Александр Васильевич только-только демобилизовался, и больше неправдами, чем правдами. Его не выпускали из армии, сулили должности, разве что не генеральские, скорое производство в полковники, а он все рвался к микроскопам, в тихую свою лабораторию, где что-то там доказывал, препарируя мух и тараканов. У него уж готова была диссертация, вторая подряд, потому что в сороковом году из-за новых веяний пришлось переделывать. Варвара была недовольна переменой семейной судьбы, она уже видела себя в мечтах женой крупного военачальника и по улице Горького ходила, подбирая себе подходящий дом на грандиозных стройках в ее начале. А от нищей лаборатории бабьим чутьем ждала беды.
И дождется ее через два года, когда Александра Васильевича попрут отовсюду, и он еще счастлив окажется, что на свободе, что нашел свой уголок на дезинсекционной станции, где ему под прикрытием создания препаратов от кухонных тварей не мешали заниматься крамольной генетикой. А Варвара станет его ежедневно пилить, и все это плохо кончится – допилит муженька до инфаркта в пятьдесят первом, останется вдовой с двумя детьми и в полном одиночестве: друзья покойника не простят ей предательства, люди особенно жестоки в своей правоте. Особенно если она была гонима, а теперь неопасна.

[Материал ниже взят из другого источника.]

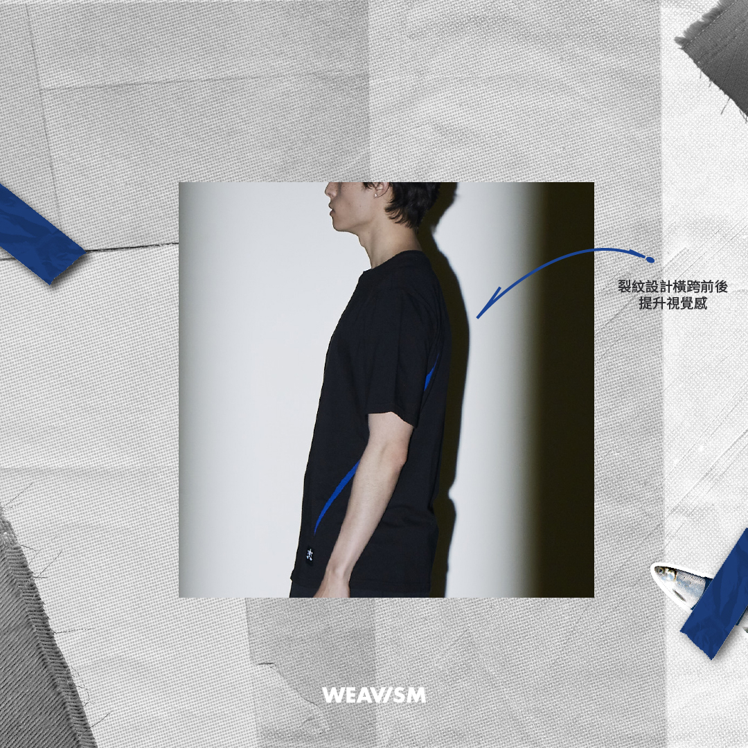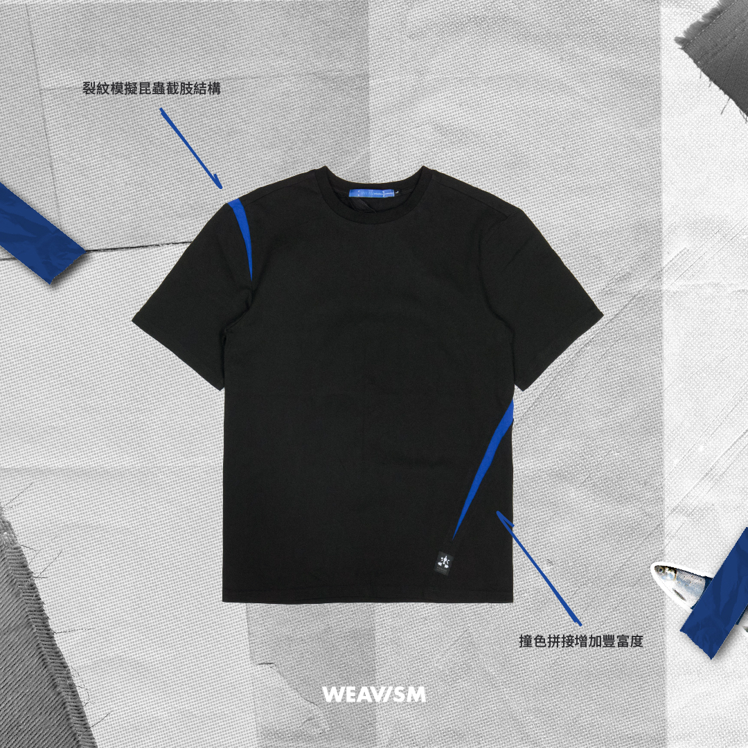 這款裂紋撞色寬鬆Tee衣身大面積素色中看著像裂紋的跳色拼接,同時也是昆蟲的節肢結構。

Но сейчас-то ничего этого еще нет, года не прошло, как мы победили, первый раз природа возвращает солдат в упоительный май. А впереди, после такой трудной, такой тяжелой войны, видится только легкомысленное счастье. Деревни вокруг отстраиваются заново, и едва ли не в каждой пахнет свежим тесом, пилы визжат, топоры стучат. И вот что удивительно – в иных селах даже церкви восстанавливают. Давно ли их сами крушили? Так то сами, а то – иноземный враг. Сталин помирился с православной церковью.

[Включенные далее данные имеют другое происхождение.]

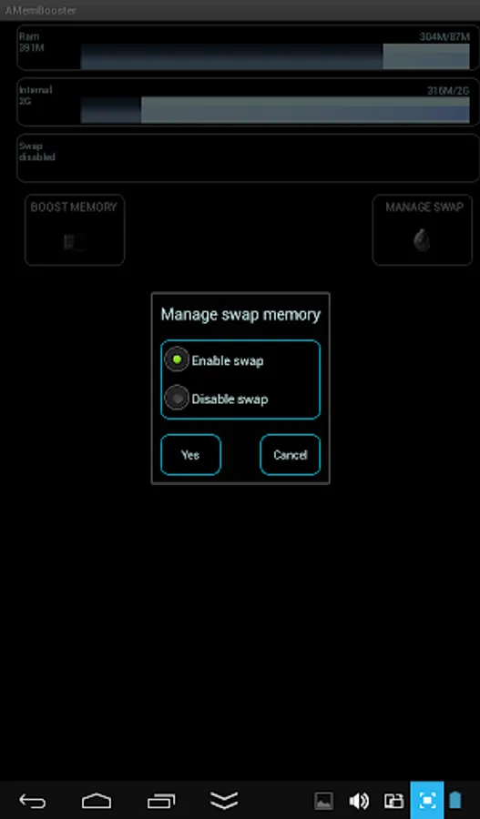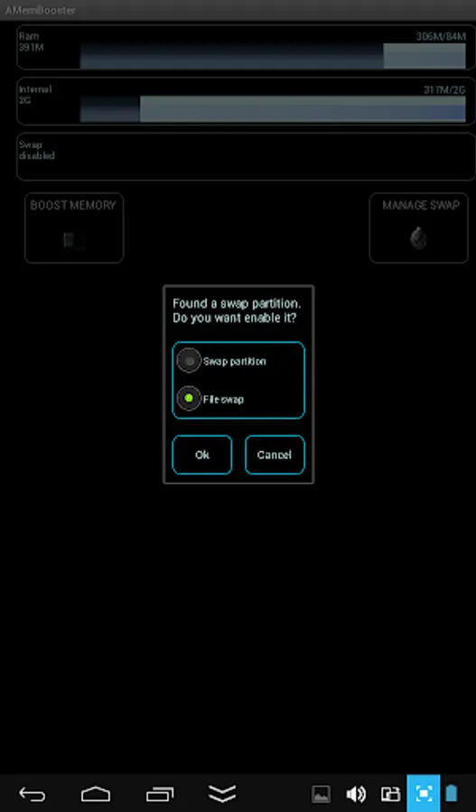 AMemoryTool is an application that shows the memory usage of the sdcard, ram and swap.

Ну вот и съехались, и уселись за огромным обеденным столом. Кто-то, кажется Левушка, вдруг напомнил, что последний раз почти в этом же составе собрались аккурат 22 июня.

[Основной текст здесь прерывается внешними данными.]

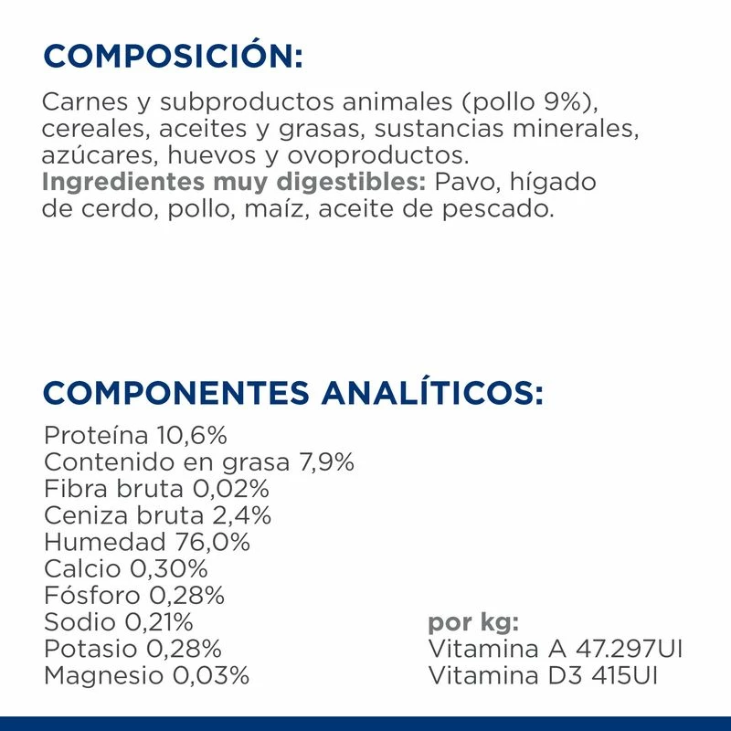 Bienfaits Essentiels – Une teneur élevée en protéines spécifiques pour favoriser la cicatrisation et préserver le système immunitaire. – Des ingrédients facilement digestibles et des calories supplémentaires pour les animaux en phase de convalescence suite à une chirurgie ou une maladie grave. – Un goût excellent et une consistance molle pour rendre ce produit plus facilement administrable, notamment si il est nécessaire d’aider votre animal à manger (à la main ou utilisant une seringue).

– Сволочь Гитлер, такое воскресенье испортил!
Шутка грустная. То-то ведь и оно, что почти. Алеша Захарьин погиб в первых же боях в ополчении, Сугробов пропал без вести под Харьковом, Лидию Самсоновну немцы угнали в Германию, и никаких вестей о ней нет, а соседский мальчик Витенька подорвался на мине, уже когда война кончилась, 11 мая. Стали вспоминать, перечислять – господи, в каждой семье убиенные! А сами-то как постарели, будто не пять лет прошло, а добрых двадцать. Первовский в сорок третьем был начальником фронтового госпиталя – сам напросился из глубокого тыла, чтобы разыскать своего Володьку, и это чудом ему удалось: Володьку изувечило на Курской дуге, и к отцу в руки он попал в состоянии почти безнадежном. Георгий Александрович сам оперировал сына, долго выхаживал его и вернулся в Свердловск, когда стало окончательно ясно: выживет. За время его отсутствия бывший ассистент защитил диссертацию по открытому Первовским способу зашивания ран не поперек, а вдоль мышечной ткани. Раны заживали вдвое быстрее и оставляли меньше шрамов. Но жизнь сына стоила приоритета. Так рассудил Георгий Александрович и не стал судиться-рядиться с подлецом.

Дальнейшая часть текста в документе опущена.